====== Data excerpt ======
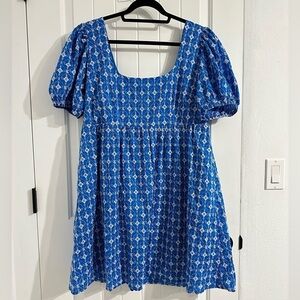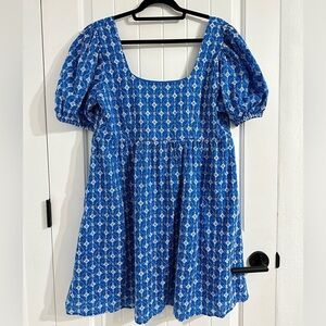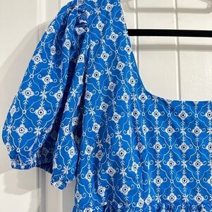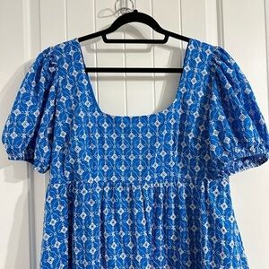 Add bright, timeless style to your warm-weather wardrobe with this Eyelet-Print Mini Dress from RHODE x Target. Adorned with allover eyelet print, this light blue mini dress is made of lightweight cotton for all-day breathable comfort. It's designed with a square neckline, short balloon sleeves and a gathered waist that creates a softly-pleated voluminous skirt.
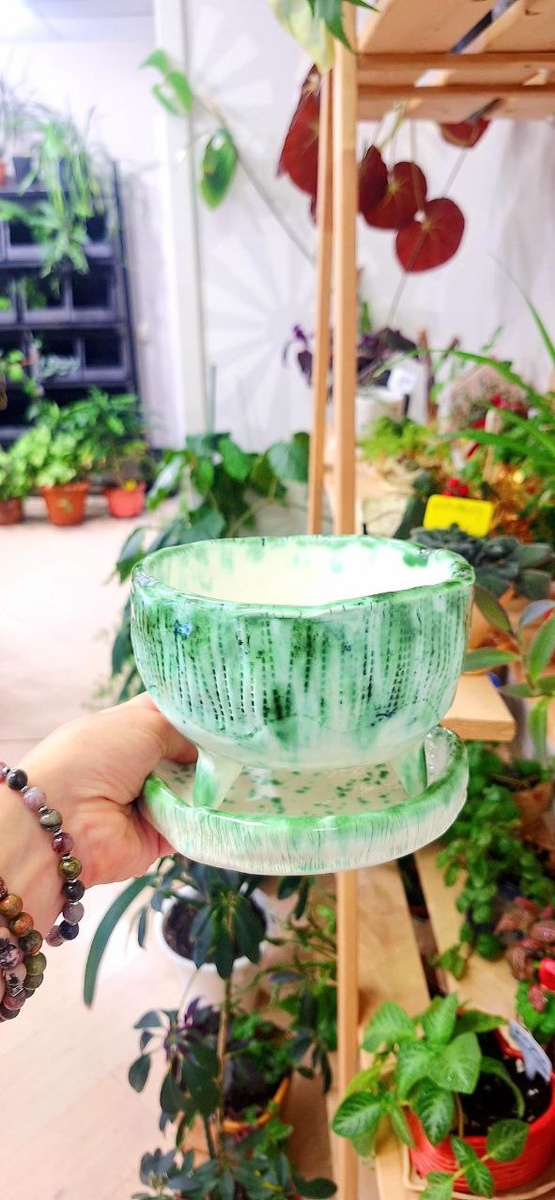 ! "Мой любимый цвет, мой любимый размер", - сразу зазвучал в голове Иа)) А ещё пришли на ум любимые мхи и папоротники. Посмотрите, какая сочная, зелёная, керамическая красотища . А про размер я тоже не просто так) Эти горшочки не очень высокие, но при этом достаточно широкие, с дренажными отверстиями. Такие полюбят и суккуленты, и мои любимые папоротники. Да много кто! Сансы, петунии, пеперомии, фиалки, луковичные...Всех не перечислить. Но между нами, они и без растений прекрасно вписались в интерьер🤗
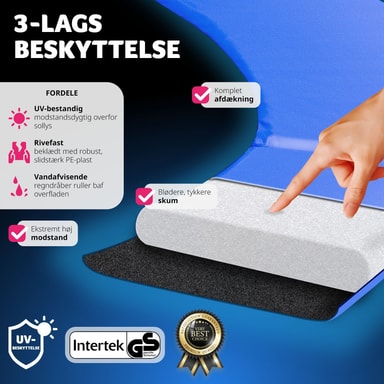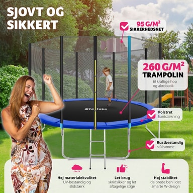 Den slidstærke springdug, det robuste og stabile stel samt den tykke polstring af kanten over stålfjedrene sørger for den højeste sikkerhed under brug.
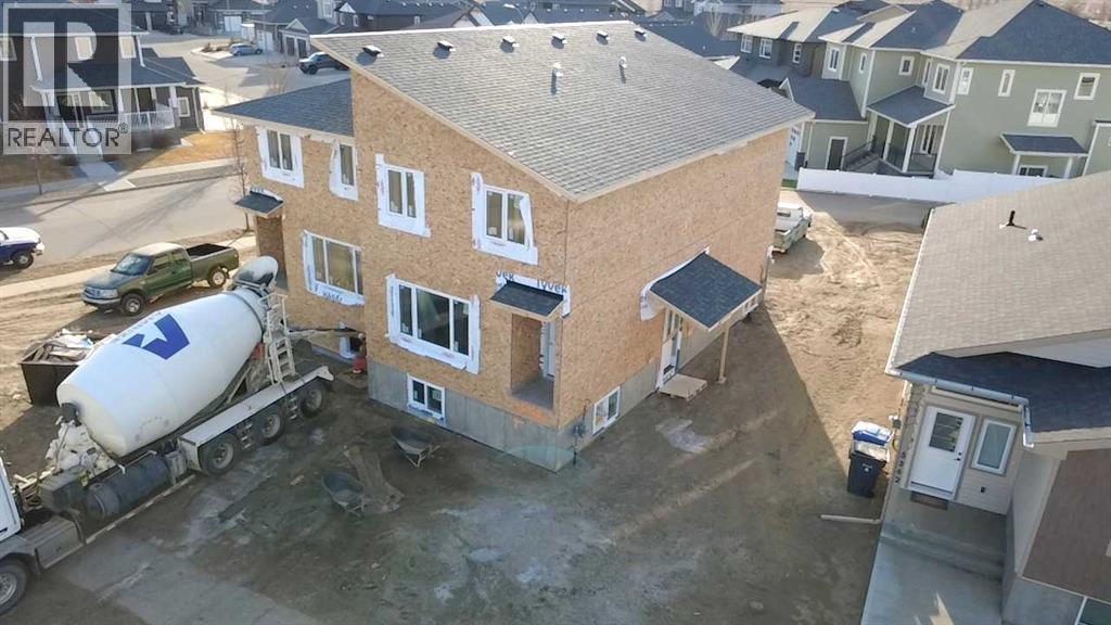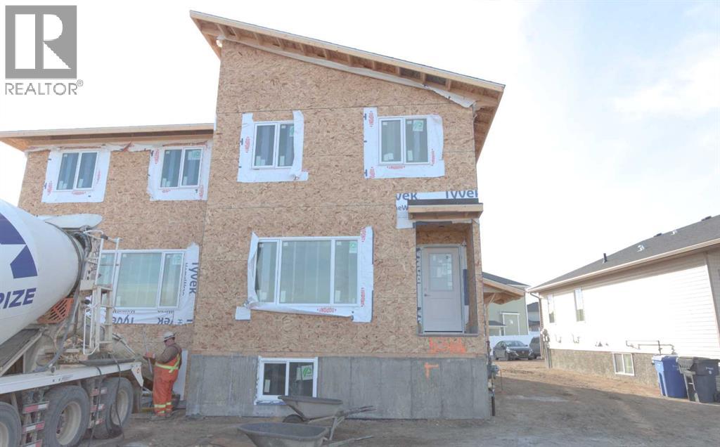 Welcome to this brand-new built half duplex 3+2 bedrooms, 3.5 bathrooms 1782sf home with a legal basement suite 2 bedrooms and 1 full bathroom. You will love and enjoy the thoughtful layout and quality home by New Tab Homes and DP76 Construction. This property offers you the brightness, modern design, smart functionality and a passive income from the suite. The main living space is intentionally designed to maximize the layout and accommodates lower suite bedrooms stay away from the mechanical rooms which is a such thoughtful design. The upper-level hosts 3 generously sized bedrooms, including a primary bedroom with a walk-in closet and a 4-piece ensuite, an additional 4-piece bathroom and a convenient laundry room. Step in the main floor is the bright living room, a half bathroom, a storage, a den, the kitchen and the dining room. The fully developed basement is a legal suite, offering a separated entrance, an excellent feature for extended family or a passive income. The suite features its own kitchen, a family room, two bedrooms, a 4-piece bathroom, and a separate laundry area. The estimated completion is end of March 2026. A great opportunity to own a brand new home 1 land of title for 2 units in Southlands of Medicine Hat. (id:51989)
======
§ Exercise directions: Output all the material exactly. The pictures are to be left out.

§ Your response:
 Add bright, timeless style to your warm-weather wardrobe with this Eyelet-Print Mini Dress from RHODE x Target. Adorned with allover eyelet print, this light blue mini dress is made of lightweight cotton for all-day breathable comfort. It's designed with a square neckline, short balloon sleeves and a gathered waist that creates a softly-pleated voluminous skirt.
 ! "Мой любимый цвет, мой любимый размер", - сразу зазвучал в голове Иа)) А ещё пришли на ум любимые мхи и папоротники. Посмотрите, какая сочная, зелёная, керамическая красотища . А про размер я тоже не просто так) Эти горшочки не очень высокие, но при этом достаточно широкие, с дренажными отверстиями. Такие полюбят и суккуленты, и мои любимые папоротники. Да много кто! Сансы, петунии, пеперомии, фиалки, луковичные...Всех не перечислить. Но между нами, они и без растений прекрасно вписались в интерьер🤗
 Den slidstærke springdug, det robuste og stabile stel samt den tykke polstring af kanten over stålfjedrene sørger for den højeste sikkerhed under brug.
 Welcome to this brand-new built half duplex 3+2 bedrooms, 3.5 bathrooms 1782sf home with a legal basement suite 2 bedrooms and 1 full bathroom. You will love and enjoy the thoughtful layout and quality home by New Tab Homes and DP76 Construction. This property offers you the brightness, modern design, smart functionality and a passive income from the suite. The main living space is intentionally designed to maximize the layout and accommodates lower suite bedrooms stay away from the mechanical rooms which is a such thoughtful design. The upper-level hosts 3 generously sized bedrooms, including a primary bedroom with a walk-in closet and a 4-piece ensuite, an additional 4-piece bathroom and a convenient laundry room. Step in the main floor is the bright living room, a half bathroom, a storage, a den, the kitchen and the dining room. The fully developed basement is a legal suite, offering a separated entrance, an excellent feature for extended family or a passive income. The suite features its own kitchen, a family room, two bedrooms, a 4-piece bathroom, and a separate laundry area. The estimated completion is end of March 2026. A great opportunity to own a brand new home 1 land of title for 2 units in Southlands of Medicine Hat. (id:51989)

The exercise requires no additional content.